Each `SearchResult` contains:

| Field | Type | Description |
| --- | --- | --- |
| `title` | `str` | Result title |
| `url` | `str` | Result URL |
| `snippet` | `str` | Text snippet |
| `date` | `datetime \| None` | Publish date, if available |

### Scrape

```python
from nanoserp import scrape

result = scrape("https://example.com")

print(result.markdown)     # Full page content as markdown
for link in result.links:
    print(link.text, link.url)
```

The `scrape` function returns a `ScrapeResponse`:

| Field | Type | Description |
| --- | --- | --- |
| `url` | `str` | The scraped URL |
| `markdown` | `str` | Page content converted to markdown |
| `links` | `list[ScrapeLink]` | All links found on the page |

### Error Handling

All errors inherit from `NanoserpError`:

```python
from nanoserp import search
from nanoserp.exceptions import NanoserpError, RateLimitError

try:
    result = search("test")
except RateLimitError:
    # DuckDuckGo returned HTTP 429
    ...
except NanoserpError as e:
    # Any other HTTP or parsing error
    print(e.message)
```

## Limitations

- Search results come from DuckDuckGo's HTML endpoint, which is not an official API. The response format may change without notice.
- DuckDuckGo may rate-limit or block requests under heavy use.
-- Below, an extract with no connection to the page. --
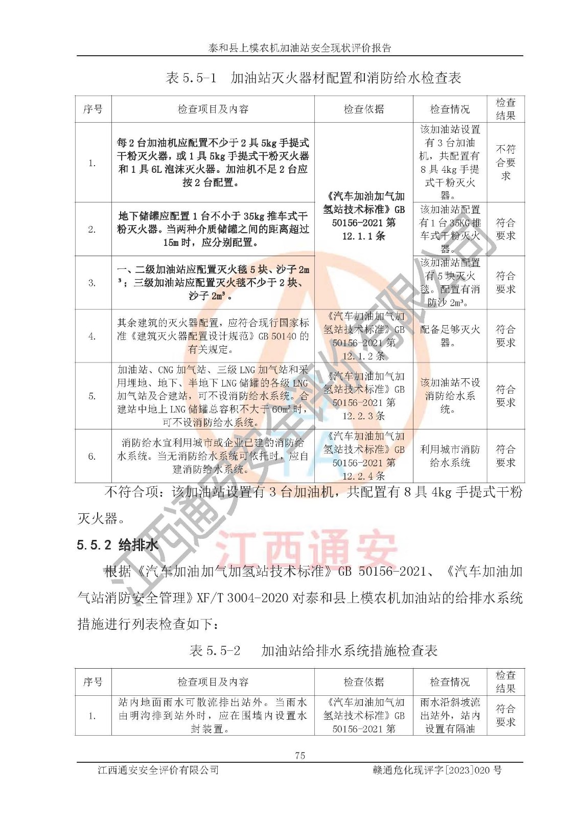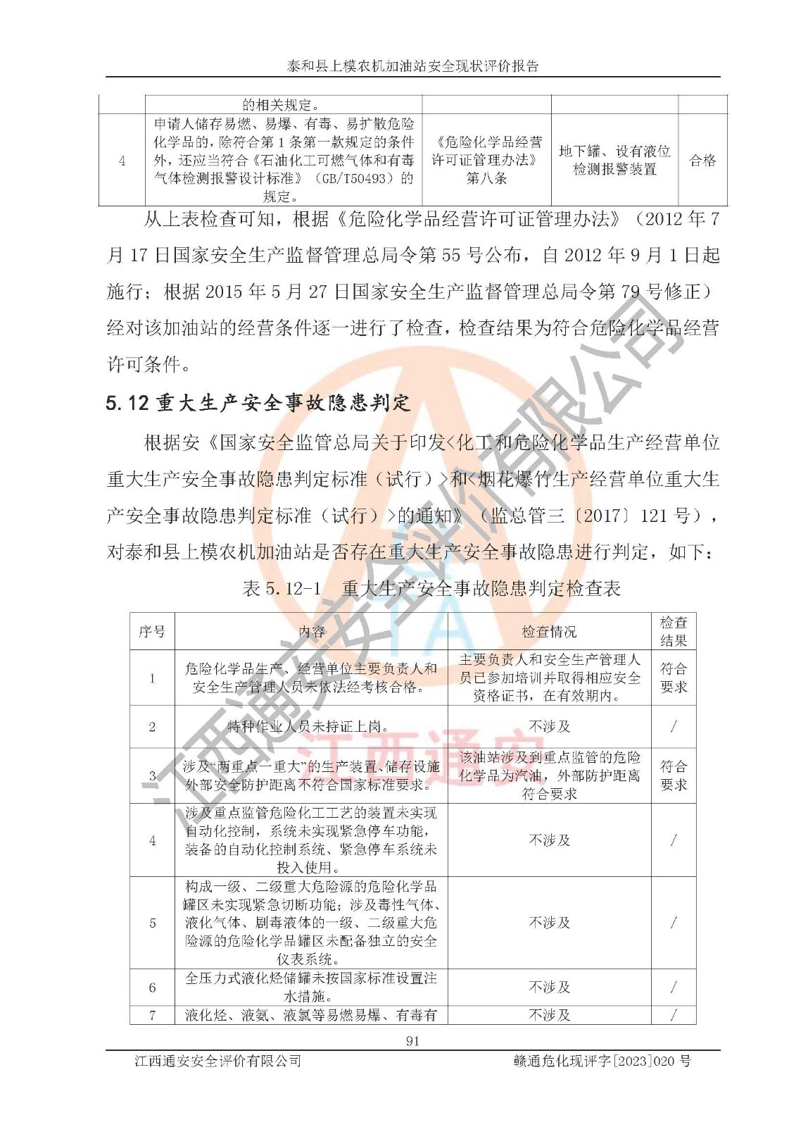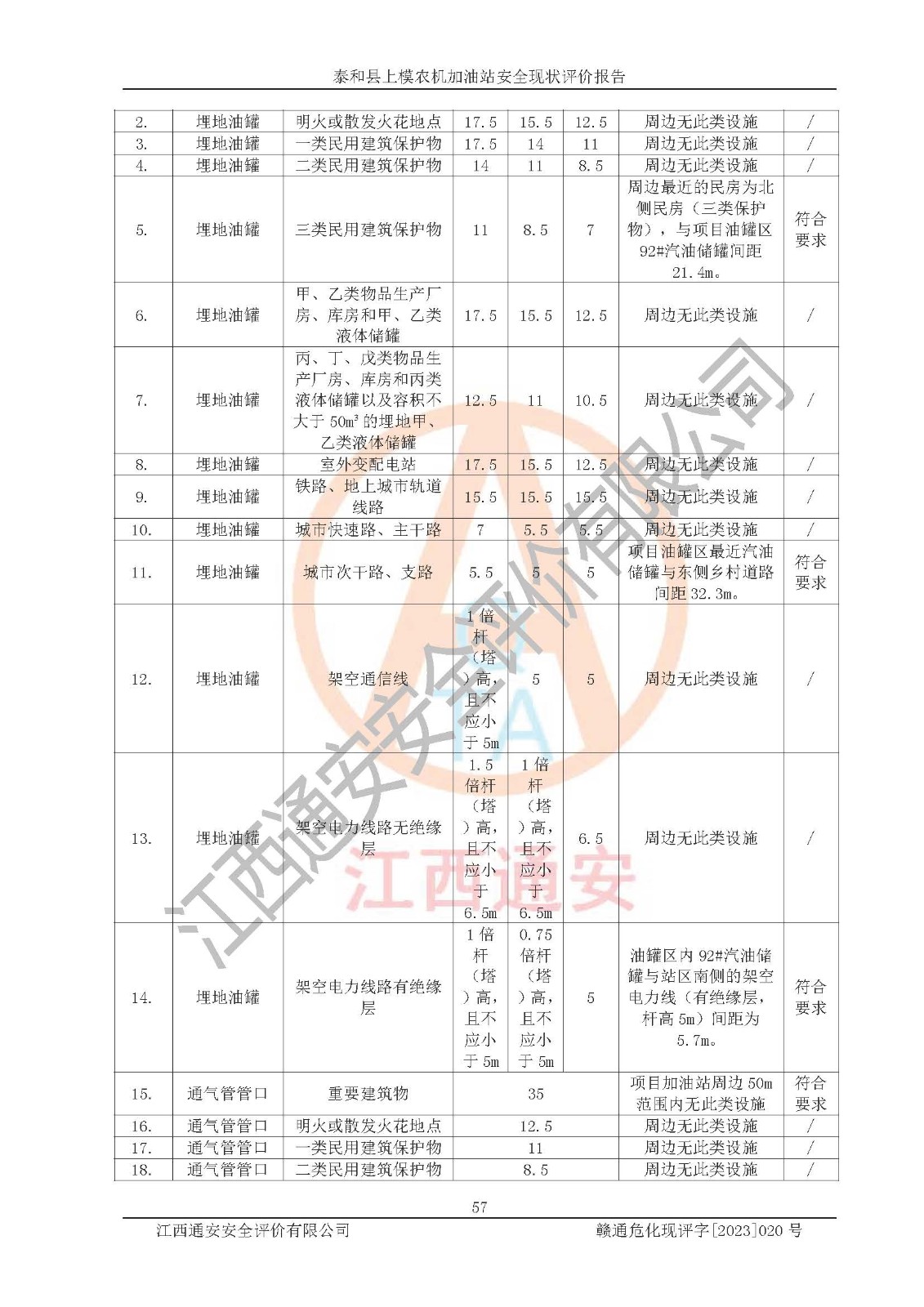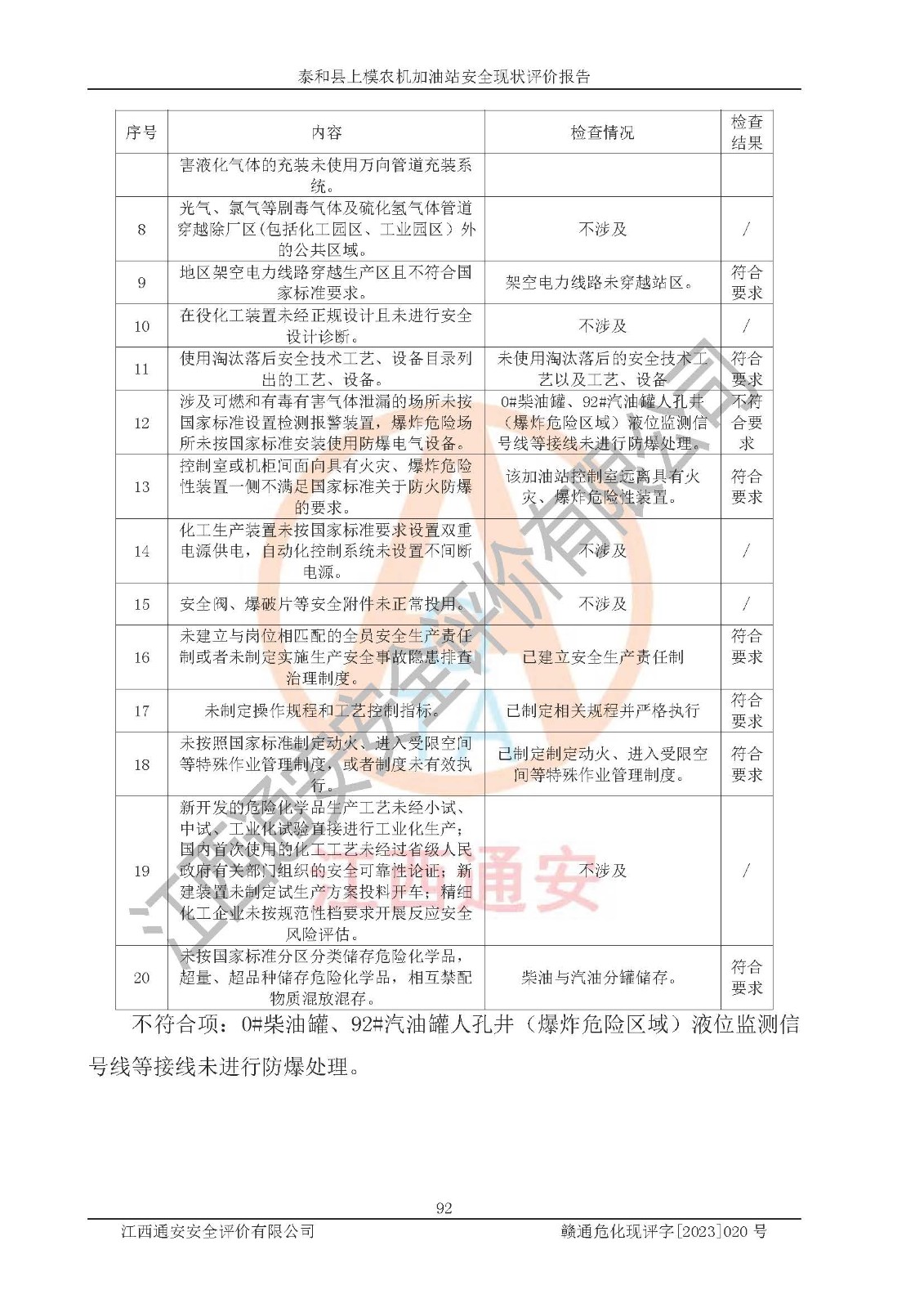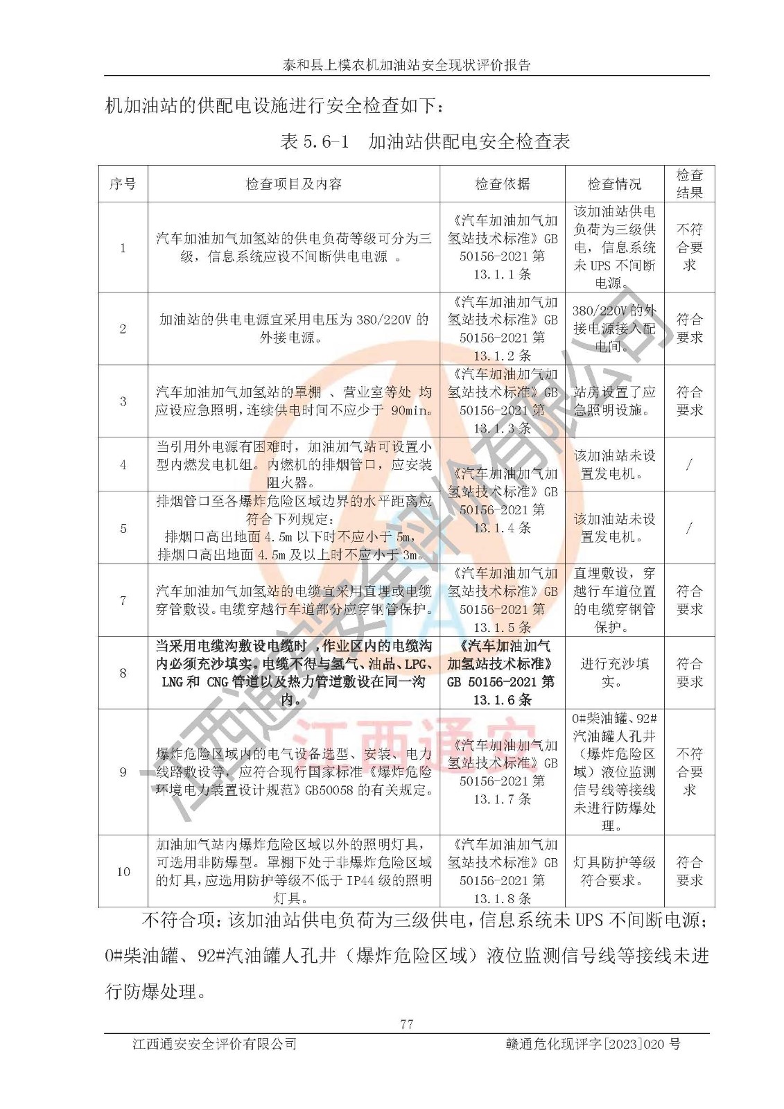 評(píng)價(jià)結(jié)論 | 泰和縣上模農(nóng)機(jī)加油站符合《汽車(chē)加油加氣加氫站技術(shù)標(biāo)準(zhǔn)》GB50156-2021等標(biāo)準(zhǔn)規(guī)范的要求,安全風(fēng)險(xiǎn)可控,滿足危險(xiǎn)化學(xué)品經(jīng)營(yíng)的安全條件。 | |||
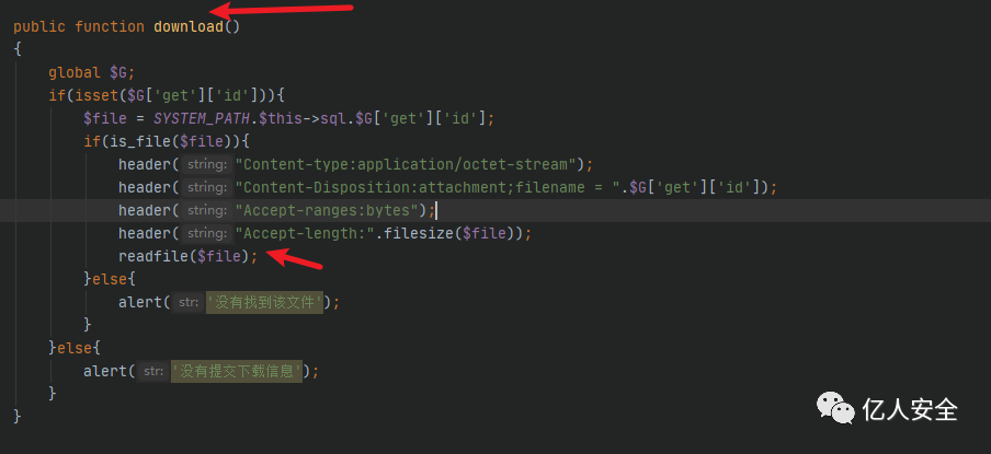 通过上面的路由分析我们不难找到这里的 download() 方法,这里通过66行GET传入 id 参数,在67行将

This tool is intended for small-scale, low-frequency usage.
- Scraping respects the target server's response but does not check `robots.txt`.

## For Developers

### Setup

This project uses [uv](https://docs.astral.sh/uv/getting-started/installation/) for dependency management, but any virtual environment or package manager (`pip`, `venv`, `poetry`, `conda`) will work.

```bash
# Create and activate a virtual environment
uv venv --python 3.12
source .venv/bin/activate

# Install development dependencies and pre-commit hooks
uv sync --extra dev
pre-commit install
```

### Verification

Before committing, make sure all checks pass:

```bash
# Lint and format
uv run ruff check --fix . && uv run ruff format .

# Type check
uv run ty check .

# Unit tests
uv run pytest

# Include integration tests (makes real HTTP requests)
uv run pytest --slow
```

### Tooling

| Tool | Description |
| --- | --- |
| [ruff](https://github.com/astral-sh/ruff) | Linting and formatting |
| [ty](https://docs.astral.sh/ty/) | Static type checking |
| [pytest](https://github.com/pytest-dev/pytest) | Unit and integration testing |
| [pre-commit](https://pre-commit.com/) | Git hook management |

### Publishing

To publish to PyPI, move `.github/disabled-workflows/publish.yaml.disabled` to `.github/workflows/publish.yaml` and set `PYPI_API_TOKEN` in the repo secrets. Then tag a new release, and GitHub Actions will build and publish the package automatically.